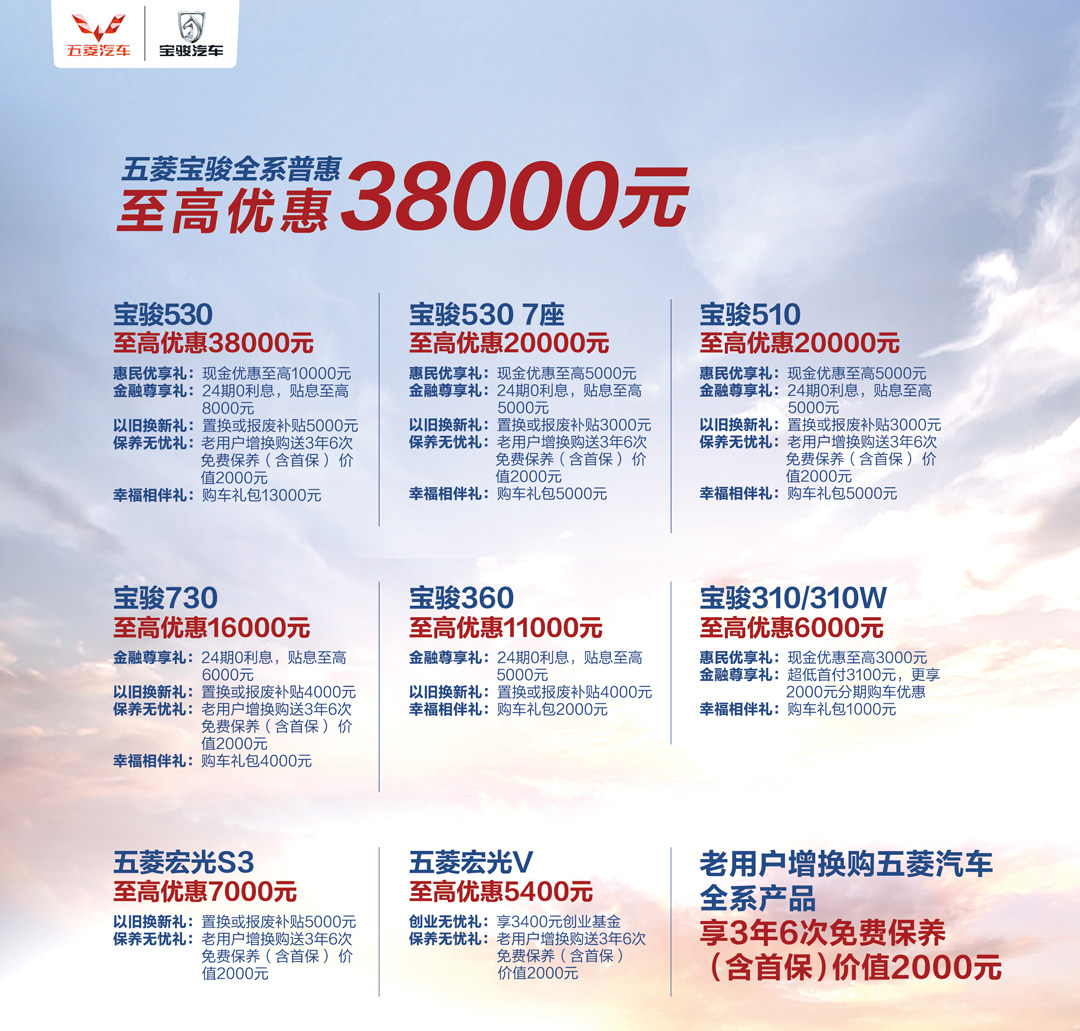 五菱宝骏品牌全系车型调整,包括宝骏530、宝骏530七座、宝骏510、宝骏360、宝骏730等多款车型提供现金+金融补贴+置换补贴等综合优惠,最高达3.8万元;五菱品牌提供最高0.7万元的综合优惠。
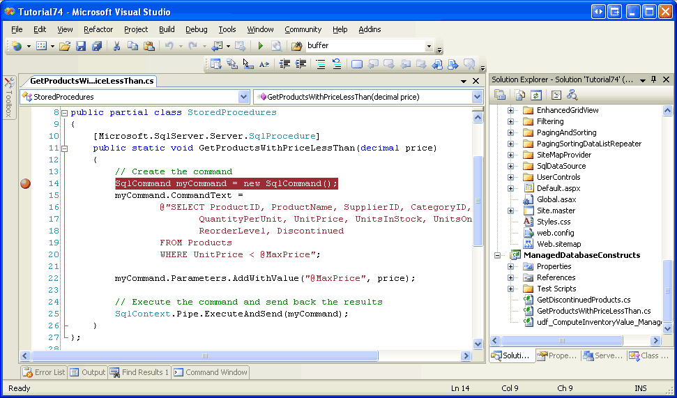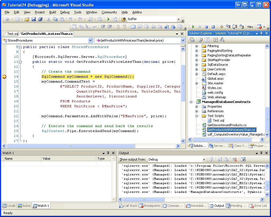 Once you ve entered the above script into Test.sql, start debugging by going to the Debug menu and choosing Start Debugging or by hitting F5 or the green play icon in the Toolbar. This will build the projects within the Solution, deploy the managed database objects to the Northwind database, and then execute the Test.sql script. At this point, the breakpoint will be hit and we can step through the GetProductsWithPriceLessThan method, examine the values of the input parameters, and so on.
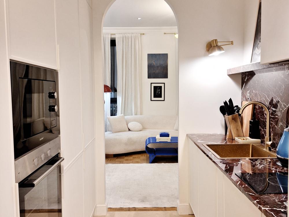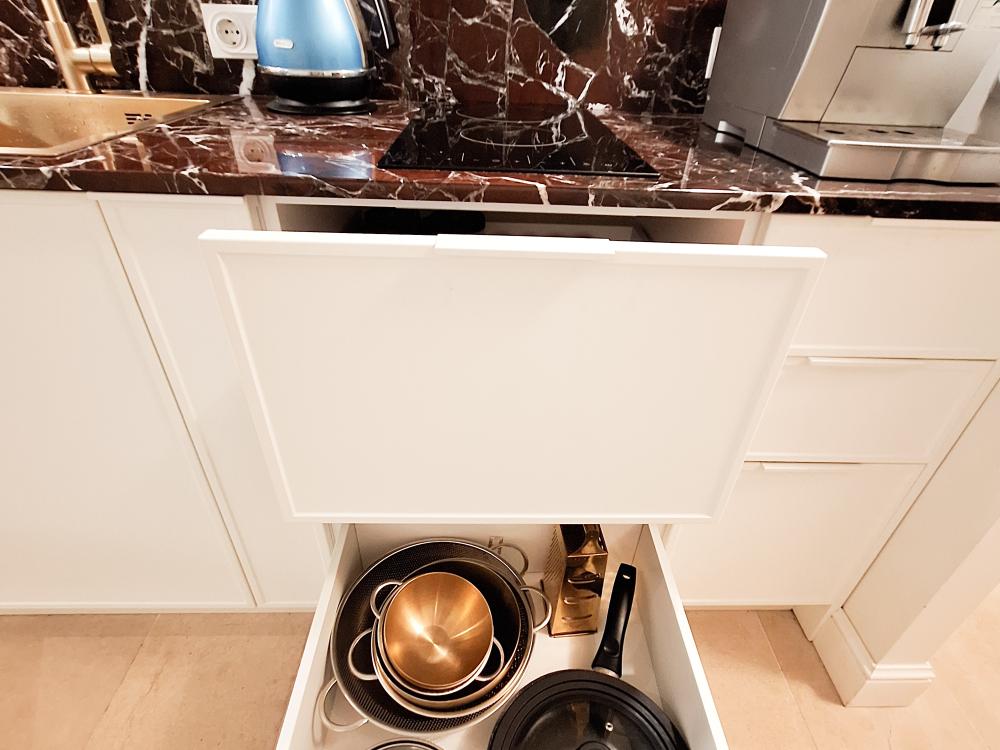 Уютные апартаменты, оборудованные всем необходимым для комфортного проживания. В апартаментах имеется Wi-Fi, телевидение, кондиционер, посудомоечная машина, кофемашина, электрическая плита, духовой шкаф, микроволновая печь, холодильник, чайник, набор посуды и столовые приборы, детский столик, стиральная и сушильная машины, фен, утюг, гладильная доска, сушилка для белья, гардеробная комната, двуспальная кровать с ортопедическим матрасом, чистое постельное белье, свежие пушистые полотенца и необходимые предметы гигиены.
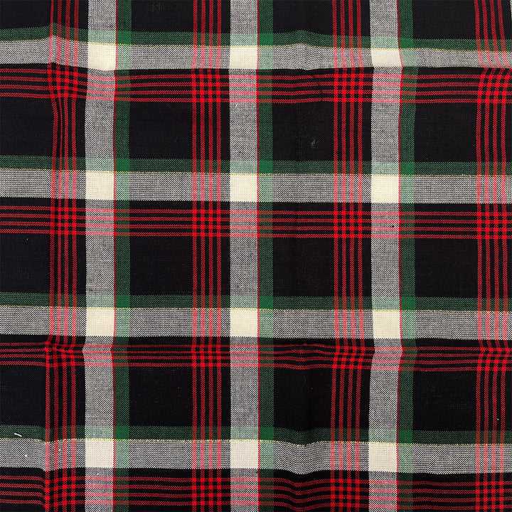 1/2 metro de Tela homespun de telar Tartán navideño negro con rayas rojas y verdes y filamento dorado **Llega el 15 de octubre**
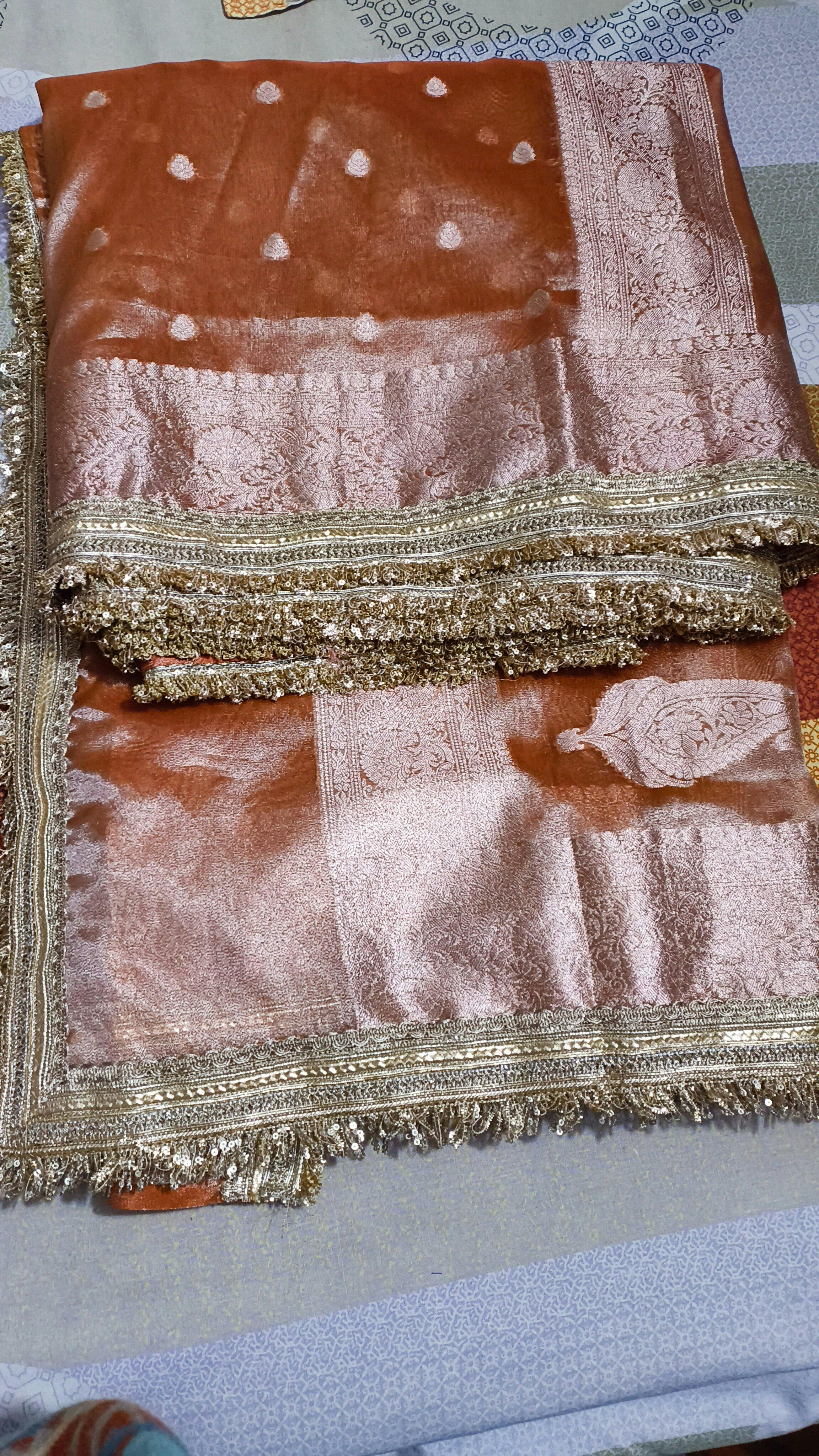 Rust Orange Tissue Silk Lace Attached Banarasi Saree

=-=-=-=-=

_About this exercise_
Every line from the one containing "1/2 metro de" to the last line of the material must be returned exactly. Leave out any pictures.

_Reply to the task_
 1/2 metro de Tela homespun de telar Tartán navideño negro con rayas rojas y verdes y filamento dorado **Llega el 15 de octubre**
 Rust Orange Tissue Silk Lace Attached Banarasi Saree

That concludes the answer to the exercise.